Reading articles like the ones linked above and seeing the vicious comments some people leave on social media made me wonder: why? Why do people attack the children of people involved in politics? Do they not like the policies or personal choices of the children's parents? Do they genuinely dislike the children? Is there some other factor motivating the hate such as racism/sexism/ableism?
First and foremost, no matter what the reasoning is behind these attacks, people need to remember: these are children we are talking about!! Let's be real, if it wasn't for the slight anonymity that the internet gave people, would they really say these things to children who were 10, 15, or even 17? In other words, would these commenters really call a 10-year-old a "future rapist" or a 15-year-old an "antichrist Muslim" to their face?
In my opinion, many of these comments are things that should be unacceptable to say to full-fledged adults, let alone to children. So I know this might be asking a lot of people, but could we just maybe give them a break? Try to think back to when you were 10 or 15 or 17. Do you remember how frustrating and awkward it was to grow up? Do you remember getting bored when your parents dragged you along to an adult party or how stressed you were applying to college? Those are probably similar feelings to what Barron and Malia were feeling. And yet when Barron tried to entertain himself by playing peek-a-boo with his nephew, people around the country felt the need to comment on it. When Malia was accepted into Harvard, instead of getting to feel pride in making it into such a prestigious school, she had to face comments from people she'd never met saying that she only made it into Harvard because of her father's name or the color of her skin.
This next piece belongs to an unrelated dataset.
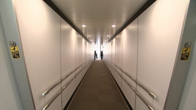 高松空港の昨年度の利用者は213万人と過去最多で、このうち国際線が48万人と順調に伸びています。空港はさらなる需要拡大に対応しようと国際線の施設の増築と改修を進めていて、その一環としてボーディングブリッジが新設されました。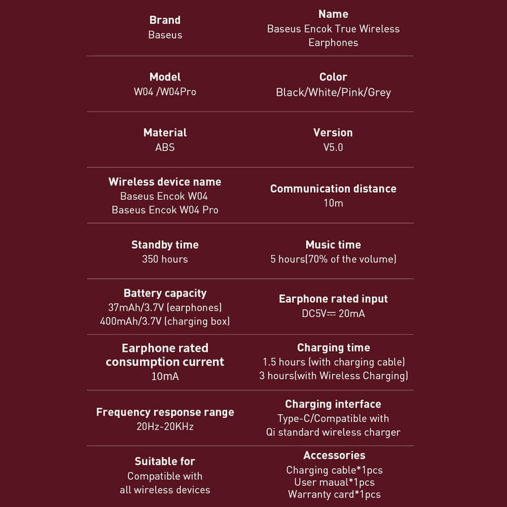 - 1 x Baseus Encok W04 Pro TWS In-Ear Bluetooth Earphones - 1 x USB-C кабел - 1 х ръководство

I'm not naive. I know that there are always going to be a fair amount of trolls and cyber bullies out there. However, these kids shouldn't have to miss out on enjoying the aspects of childhood we sometimes take for granted just because their fathers' have the highest political title in our country. Now I know that this has been more of just a rambling rather than a well thought-out argument, but in all honesty, I never thought I would have to write about being nice to children. To me, it's just common sense to not stoop so low and to be kind to children. So for once, could we all just agree to stop dragging minors into the problems of their parents? And by this I mean actually stop, not just say we're going to put them "off-limits" to such low comments and then continue to make these posts on every article written about the first family. If you are genuinely upset with the person in power then so be it, but please keep your comments about their children to yourselves.